[[ Records to use open ]]

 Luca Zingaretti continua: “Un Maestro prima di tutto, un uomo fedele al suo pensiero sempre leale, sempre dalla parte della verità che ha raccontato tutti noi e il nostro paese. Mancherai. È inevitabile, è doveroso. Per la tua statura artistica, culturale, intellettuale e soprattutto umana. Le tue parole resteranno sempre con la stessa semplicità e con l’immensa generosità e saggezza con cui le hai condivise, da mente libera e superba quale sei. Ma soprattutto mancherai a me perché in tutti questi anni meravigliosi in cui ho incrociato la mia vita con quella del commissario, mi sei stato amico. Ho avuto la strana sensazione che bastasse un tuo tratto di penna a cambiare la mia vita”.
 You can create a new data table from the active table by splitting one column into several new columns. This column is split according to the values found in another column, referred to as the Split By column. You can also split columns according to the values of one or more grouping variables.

[[ Records to use closed ]]
[[ Records to use open ]]

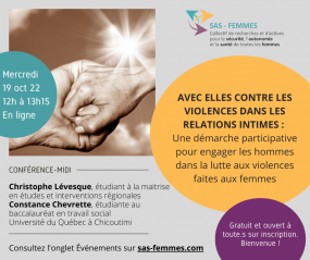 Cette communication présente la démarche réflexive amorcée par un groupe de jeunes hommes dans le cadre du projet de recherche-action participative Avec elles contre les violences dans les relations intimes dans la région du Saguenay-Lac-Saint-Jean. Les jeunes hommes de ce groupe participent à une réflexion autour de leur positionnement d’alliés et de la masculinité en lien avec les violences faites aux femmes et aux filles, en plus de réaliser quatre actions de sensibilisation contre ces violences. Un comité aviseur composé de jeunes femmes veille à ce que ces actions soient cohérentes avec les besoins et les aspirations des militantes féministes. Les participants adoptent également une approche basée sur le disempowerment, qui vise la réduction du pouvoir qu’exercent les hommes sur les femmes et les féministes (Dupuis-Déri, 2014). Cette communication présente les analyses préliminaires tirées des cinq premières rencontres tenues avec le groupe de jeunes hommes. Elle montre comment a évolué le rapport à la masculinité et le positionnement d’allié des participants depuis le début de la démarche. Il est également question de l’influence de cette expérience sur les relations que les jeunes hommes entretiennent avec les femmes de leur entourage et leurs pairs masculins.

[[ Records to use closed ]]

-- Task objective --
The response must hold only the lines above from the line with "Maestro prima di" through the line with "You can create", each copied exactly, both ends kept.

-- Response box --
 Luca Zingaretti continua: “Un Maestro prima di tutto, un uomo fedele al suo pensiero sempre leale, sempre dalla parte della verità che ha raccontato tutti noi e il nostro paese. Mancherai. È inevitabile, è doveroso. Per la tua statura artistica, culturale, intellettuale e soprattutto umana. Le tue parole resteranno sempre con la stessa semplicità e con l’immensa generosità e saggezza con cui le hai condivise, da mente libera e superba quale sei. Ma soprattutto mancherai a me perché in tutti questi anni meravigliosi in cui ho incrociato la mia vita con quella del commissario, mi sei stato amico. Ho avuto la strana sensazione che bastasse un tuo tratto di penna a cambiare la mia vita”.
 You can create a new data table from the active table by splitting one column into several new columns. This column is split according to the values found in another column, referred to as the Split By column. You can also split columns according to the values of one or more grouping variables.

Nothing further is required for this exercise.